Like Walter White, I’m a Chemist. But Should I Make Blue Sudoku?

A post for those waiting too anxiously for the next puzzles here; some unexpected and potentially fun puzzles will soon be coming but this public service message on how puzzles and other stimulants may affect your brain seemed more important today.

At SudokuCon, I told a story about how after the WSC2 in Prague the first interview was with a sex advice columnist asking how I use sudoku in a relationship or even in the bedroom. I did not then have examples as I do now of a marriage proposal sudoku, or a witty joke about having too much experience as a “naked single” to know a lot about “naked pairs”. The doku in sudoku comes from dokushin meaning “lonely” or “bachelor” after all. And I got into Sudoku soon after a break-up and have been in a twenty year relationship with Sudoku without being willing to put a ring on it because making puzzles is not my life mission. Anyway, I keep a log of good answers for the future when an unexpected media request comes to me.

The most frequently repeated answer is how does Sudoku connect to my life and/or to my work in science, and that is about problem solving.

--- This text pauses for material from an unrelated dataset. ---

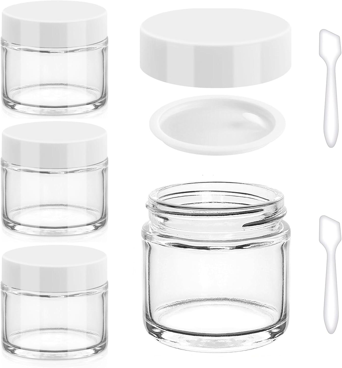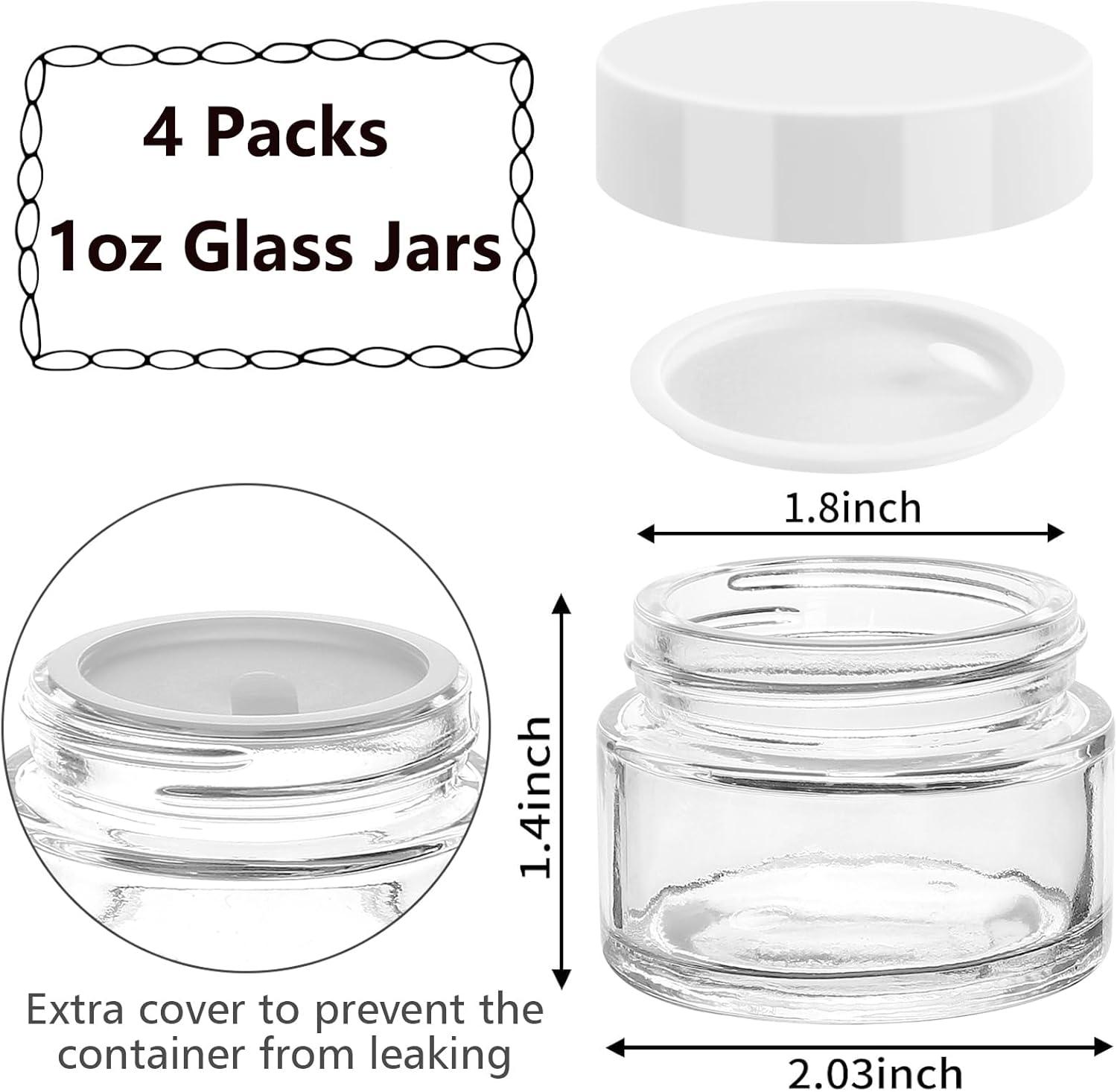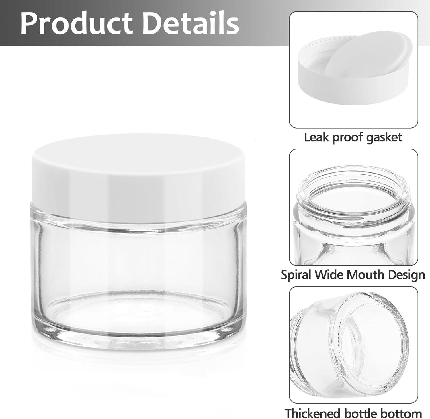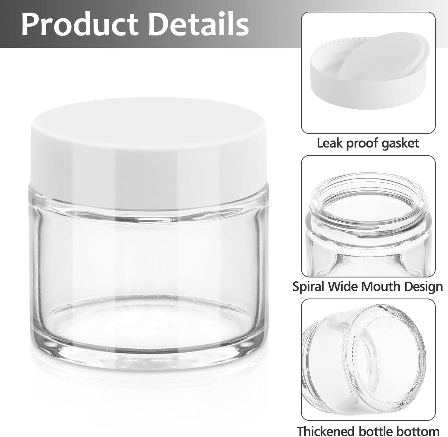 【PREMIUM QUALITY】These round cosmetic jars with lids are crafted from high-quality, sturdy glass for exceptional durability. Each glass cosmetic jar comes with a white plastic lid and inner liner for added convenience. Featuring straight sides, a wide mouth, and thick walls, they are built to last and make filling and emptying effortless.

I am a great problem solver even if you think of me as a great Sudoku solver. In sudoku, all puzzles should have one answer and we should agree on it when we see it. Many different techniques might be taken and it might take an open mind to find something hard when stuck, so stepping away from the problem and coming back with fresh eyes can help. Those problem-solving techniques also apply to science and medicine, but in a space where there may or may not be an answer and we have to use the scientific method to assert a rationale, test it, and advance from there. The problems of science take teams and different perspectives and not just fifteen minutes and a pencil. But being a great problem solver starts from something as simple as figuring out Sudoku, and I enjoy coming back to the places of comfort when the rest of the world feels too difficult to solve so puzzles are also part of my mental health journey.

The newest logged answer comes to the question of what to do if you are “addicted” to sudoku. It was first asked to me by a comedic podcaster who takes unique approaches to solving people’s problems. The remaining words are pure, crystal blue Snyder, and I know I’ll at least come back to these a lot because being an addict and having a bipolar brain is a dangerous mix:

We talk about someone “addicted” to sudoku in quotations as if it is not a drug. I am here, as a huge drug addict from hardcore puzzles, to tell you that you can actually be addicted to sudoku, when you abuse it too much. In a world in which there are a lot of problems and none of them seem solvable, you might first find comfort in a simple number puzzle that you slowly work your way through until there are just ten and then five and then fourthreetwoonedone digits left and it feels good. Dopamine rushing through your brain. You go a little further and get a little better at Sudoku and now you can do even the “hard” ones better and the rush is even higher with the hard grids. You start losing track of time, you forget to eat, you stop being intimate with your partner, your brain is thinking everything is right because all the pleasure neurotransmitters are signaling but they are not firing for the right reasons and you haven’t eaten and your partner has left you and that only makes you want to solve even more.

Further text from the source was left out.